▶ [Data excerpts]:
******
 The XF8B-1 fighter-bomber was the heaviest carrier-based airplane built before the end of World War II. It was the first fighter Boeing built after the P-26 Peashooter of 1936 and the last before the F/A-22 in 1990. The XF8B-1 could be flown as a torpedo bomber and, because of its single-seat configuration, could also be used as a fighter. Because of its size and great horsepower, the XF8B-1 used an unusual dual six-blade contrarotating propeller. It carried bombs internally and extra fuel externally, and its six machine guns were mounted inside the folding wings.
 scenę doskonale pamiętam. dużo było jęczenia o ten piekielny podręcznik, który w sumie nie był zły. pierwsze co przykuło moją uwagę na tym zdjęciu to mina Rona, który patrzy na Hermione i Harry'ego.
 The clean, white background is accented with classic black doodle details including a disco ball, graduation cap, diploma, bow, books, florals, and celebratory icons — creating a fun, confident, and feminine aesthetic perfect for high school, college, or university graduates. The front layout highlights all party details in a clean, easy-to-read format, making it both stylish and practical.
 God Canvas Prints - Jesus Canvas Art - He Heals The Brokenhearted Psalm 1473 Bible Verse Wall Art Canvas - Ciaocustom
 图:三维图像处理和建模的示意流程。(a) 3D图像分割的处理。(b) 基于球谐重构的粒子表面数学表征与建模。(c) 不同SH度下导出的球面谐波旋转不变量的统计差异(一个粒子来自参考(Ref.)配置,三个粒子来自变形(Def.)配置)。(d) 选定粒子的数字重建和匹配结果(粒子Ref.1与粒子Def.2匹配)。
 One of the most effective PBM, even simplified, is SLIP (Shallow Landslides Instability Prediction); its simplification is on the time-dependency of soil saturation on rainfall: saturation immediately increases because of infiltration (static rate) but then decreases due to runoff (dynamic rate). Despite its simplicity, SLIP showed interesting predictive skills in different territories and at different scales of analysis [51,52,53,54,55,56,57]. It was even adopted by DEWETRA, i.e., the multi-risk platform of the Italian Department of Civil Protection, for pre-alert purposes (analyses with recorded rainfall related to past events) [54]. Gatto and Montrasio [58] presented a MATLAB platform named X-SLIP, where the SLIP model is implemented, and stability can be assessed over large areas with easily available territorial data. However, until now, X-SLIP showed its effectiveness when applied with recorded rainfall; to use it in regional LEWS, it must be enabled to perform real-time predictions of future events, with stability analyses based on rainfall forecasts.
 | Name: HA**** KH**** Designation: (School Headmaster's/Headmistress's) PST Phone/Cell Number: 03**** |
******
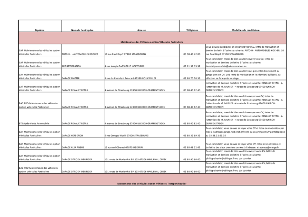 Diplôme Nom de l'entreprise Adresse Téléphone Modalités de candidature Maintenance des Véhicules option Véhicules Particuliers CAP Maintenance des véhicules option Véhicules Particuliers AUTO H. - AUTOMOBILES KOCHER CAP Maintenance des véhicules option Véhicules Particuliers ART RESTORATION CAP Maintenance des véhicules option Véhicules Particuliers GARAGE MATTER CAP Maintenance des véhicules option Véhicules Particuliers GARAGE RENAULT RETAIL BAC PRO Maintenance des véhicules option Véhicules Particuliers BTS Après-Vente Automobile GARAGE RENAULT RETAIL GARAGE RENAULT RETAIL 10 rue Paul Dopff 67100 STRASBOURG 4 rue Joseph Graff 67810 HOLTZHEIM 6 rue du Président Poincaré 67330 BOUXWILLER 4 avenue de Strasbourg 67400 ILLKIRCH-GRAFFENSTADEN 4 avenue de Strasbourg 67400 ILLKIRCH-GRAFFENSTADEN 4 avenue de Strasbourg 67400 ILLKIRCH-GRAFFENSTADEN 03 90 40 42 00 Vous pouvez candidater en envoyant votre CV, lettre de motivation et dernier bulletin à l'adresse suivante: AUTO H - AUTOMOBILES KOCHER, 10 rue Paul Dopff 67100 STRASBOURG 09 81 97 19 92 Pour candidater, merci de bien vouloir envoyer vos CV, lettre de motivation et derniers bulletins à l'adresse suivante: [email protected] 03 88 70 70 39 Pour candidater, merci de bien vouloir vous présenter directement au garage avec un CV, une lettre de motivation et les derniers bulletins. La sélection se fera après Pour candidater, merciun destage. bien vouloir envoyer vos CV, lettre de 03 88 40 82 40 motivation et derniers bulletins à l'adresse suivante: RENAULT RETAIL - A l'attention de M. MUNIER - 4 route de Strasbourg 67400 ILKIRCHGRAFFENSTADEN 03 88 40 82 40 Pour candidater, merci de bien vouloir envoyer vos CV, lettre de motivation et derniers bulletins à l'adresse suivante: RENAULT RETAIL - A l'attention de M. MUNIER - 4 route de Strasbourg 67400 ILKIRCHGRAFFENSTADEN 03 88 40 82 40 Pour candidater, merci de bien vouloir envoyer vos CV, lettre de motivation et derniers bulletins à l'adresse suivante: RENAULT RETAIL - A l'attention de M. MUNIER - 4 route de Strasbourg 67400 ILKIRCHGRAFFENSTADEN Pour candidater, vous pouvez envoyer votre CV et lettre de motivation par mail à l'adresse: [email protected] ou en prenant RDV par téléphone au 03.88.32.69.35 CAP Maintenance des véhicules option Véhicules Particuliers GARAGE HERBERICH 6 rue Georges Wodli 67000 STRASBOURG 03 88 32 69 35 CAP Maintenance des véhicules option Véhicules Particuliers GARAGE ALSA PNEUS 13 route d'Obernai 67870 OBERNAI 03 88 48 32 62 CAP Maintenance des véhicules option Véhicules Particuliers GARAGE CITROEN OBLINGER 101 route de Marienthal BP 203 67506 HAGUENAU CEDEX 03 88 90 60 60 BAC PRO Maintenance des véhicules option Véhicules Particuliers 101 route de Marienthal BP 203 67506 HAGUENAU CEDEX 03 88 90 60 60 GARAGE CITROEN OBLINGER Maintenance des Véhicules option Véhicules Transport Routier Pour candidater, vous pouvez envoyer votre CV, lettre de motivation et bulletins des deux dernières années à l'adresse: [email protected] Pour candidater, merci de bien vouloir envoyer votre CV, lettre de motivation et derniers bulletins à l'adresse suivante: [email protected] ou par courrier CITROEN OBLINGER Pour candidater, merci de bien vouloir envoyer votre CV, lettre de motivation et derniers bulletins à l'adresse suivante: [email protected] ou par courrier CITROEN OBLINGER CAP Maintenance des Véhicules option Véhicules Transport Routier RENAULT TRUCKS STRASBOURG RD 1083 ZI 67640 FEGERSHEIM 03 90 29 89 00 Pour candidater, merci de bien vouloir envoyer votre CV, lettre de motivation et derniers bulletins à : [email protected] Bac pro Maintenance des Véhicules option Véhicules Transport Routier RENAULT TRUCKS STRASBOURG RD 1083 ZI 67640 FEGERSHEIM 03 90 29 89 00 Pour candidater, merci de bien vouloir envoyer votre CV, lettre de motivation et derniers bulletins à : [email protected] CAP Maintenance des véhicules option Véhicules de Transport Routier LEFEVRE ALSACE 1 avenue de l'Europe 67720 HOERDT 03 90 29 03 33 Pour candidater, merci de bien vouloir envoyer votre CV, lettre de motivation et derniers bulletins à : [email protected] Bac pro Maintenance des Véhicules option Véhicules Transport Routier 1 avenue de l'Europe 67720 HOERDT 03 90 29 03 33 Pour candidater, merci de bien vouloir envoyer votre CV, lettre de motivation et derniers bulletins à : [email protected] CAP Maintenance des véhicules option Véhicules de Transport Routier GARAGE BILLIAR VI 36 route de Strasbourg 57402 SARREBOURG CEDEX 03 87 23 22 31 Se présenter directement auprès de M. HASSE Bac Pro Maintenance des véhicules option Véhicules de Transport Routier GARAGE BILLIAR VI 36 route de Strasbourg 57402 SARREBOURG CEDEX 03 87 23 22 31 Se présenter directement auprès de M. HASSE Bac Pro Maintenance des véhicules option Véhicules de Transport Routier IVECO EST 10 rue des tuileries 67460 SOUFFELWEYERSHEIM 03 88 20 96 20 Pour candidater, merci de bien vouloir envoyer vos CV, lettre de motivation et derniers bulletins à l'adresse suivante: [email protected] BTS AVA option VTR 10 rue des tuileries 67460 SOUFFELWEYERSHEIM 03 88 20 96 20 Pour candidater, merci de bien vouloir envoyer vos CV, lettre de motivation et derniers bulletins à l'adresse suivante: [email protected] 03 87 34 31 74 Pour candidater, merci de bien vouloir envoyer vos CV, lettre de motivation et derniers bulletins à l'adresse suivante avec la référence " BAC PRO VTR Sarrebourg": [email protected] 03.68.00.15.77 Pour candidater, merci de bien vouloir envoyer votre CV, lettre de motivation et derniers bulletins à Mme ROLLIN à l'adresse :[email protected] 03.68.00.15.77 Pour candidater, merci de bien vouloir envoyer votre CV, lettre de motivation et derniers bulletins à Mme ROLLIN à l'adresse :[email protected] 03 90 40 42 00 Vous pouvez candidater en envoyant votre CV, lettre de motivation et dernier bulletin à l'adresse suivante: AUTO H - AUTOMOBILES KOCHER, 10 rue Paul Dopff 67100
******
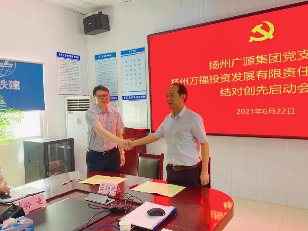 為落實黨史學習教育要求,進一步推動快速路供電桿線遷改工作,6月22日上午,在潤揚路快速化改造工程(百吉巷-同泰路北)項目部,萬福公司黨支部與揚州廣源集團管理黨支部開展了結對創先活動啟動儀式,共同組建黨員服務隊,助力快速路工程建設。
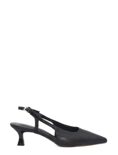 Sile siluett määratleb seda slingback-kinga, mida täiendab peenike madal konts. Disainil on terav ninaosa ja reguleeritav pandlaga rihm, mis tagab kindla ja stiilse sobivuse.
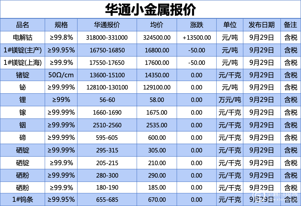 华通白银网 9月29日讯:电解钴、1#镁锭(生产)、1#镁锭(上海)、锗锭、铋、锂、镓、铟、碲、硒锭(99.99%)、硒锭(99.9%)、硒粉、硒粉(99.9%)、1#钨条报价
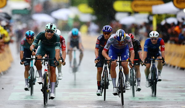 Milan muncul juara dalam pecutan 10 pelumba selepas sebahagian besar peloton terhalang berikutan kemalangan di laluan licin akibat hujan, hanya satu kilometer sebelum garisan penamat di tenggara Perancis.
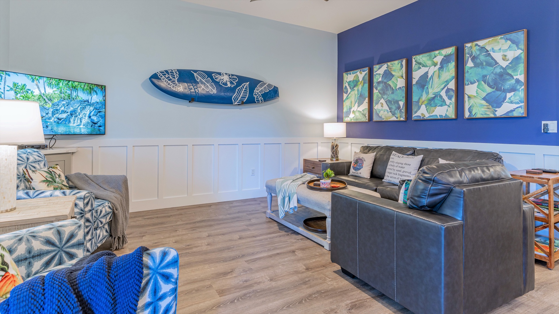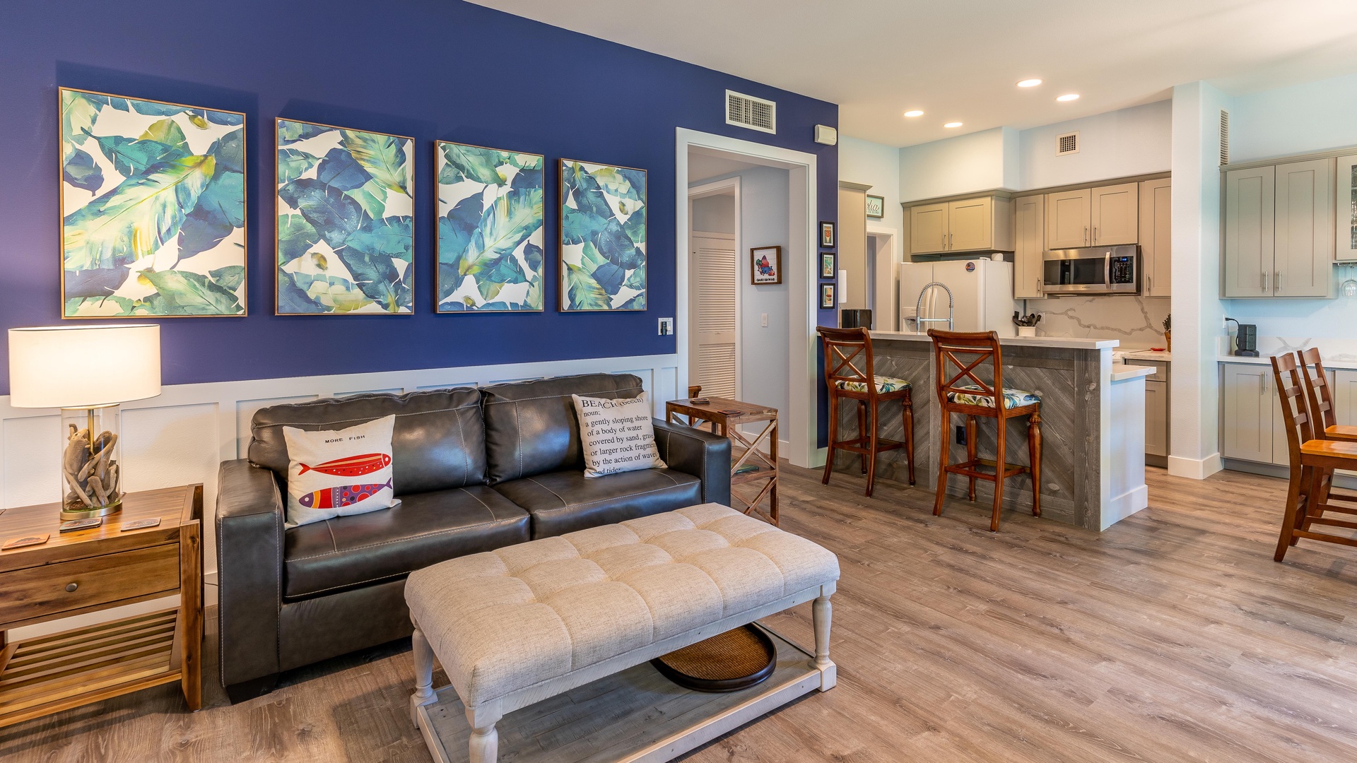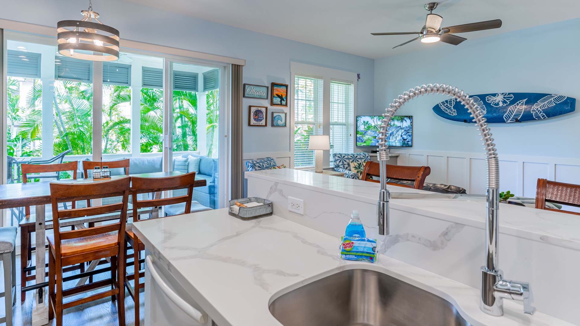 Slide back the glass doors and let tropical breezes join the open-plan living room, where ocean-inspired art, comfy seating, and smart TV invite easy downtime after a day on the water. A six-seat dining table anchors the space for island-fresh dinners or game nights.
******
▶ [Your instructions]:
Only the lines above from the one containing "华通白银网 9月29日讯:电" through the one containing "Slide back the" should be returned, verbatim and inclusive, with pictures excluded.

▶ [Output for this task]:
 华通白银网 9月29日讯:电解钴、1#镁锭(生产)、1#镁锭(上海)、锗锭、铋、锂、镓、铟、碲、硒锭(99.99%)、硒锭(99.9%)、硒粉、硒粉(99.9%)、1#钨条报价
 Milan muncul juara dalam pecutan 10 pelumba selepas sebahagian besar peloton terhalang berikutan kemalangan di laluan licin akibat hujan, hanya satu kilometer sebelum garisan penamat di tenggara Perancis.
 Slide back the glass doors and let tropical breezes join the open-plan living room, where ocean-inspired art, comfy seating, and smart TV invite easy downtime after a day on the water. A six-seat dining table anchors the space for island-fresh dinners or game nights.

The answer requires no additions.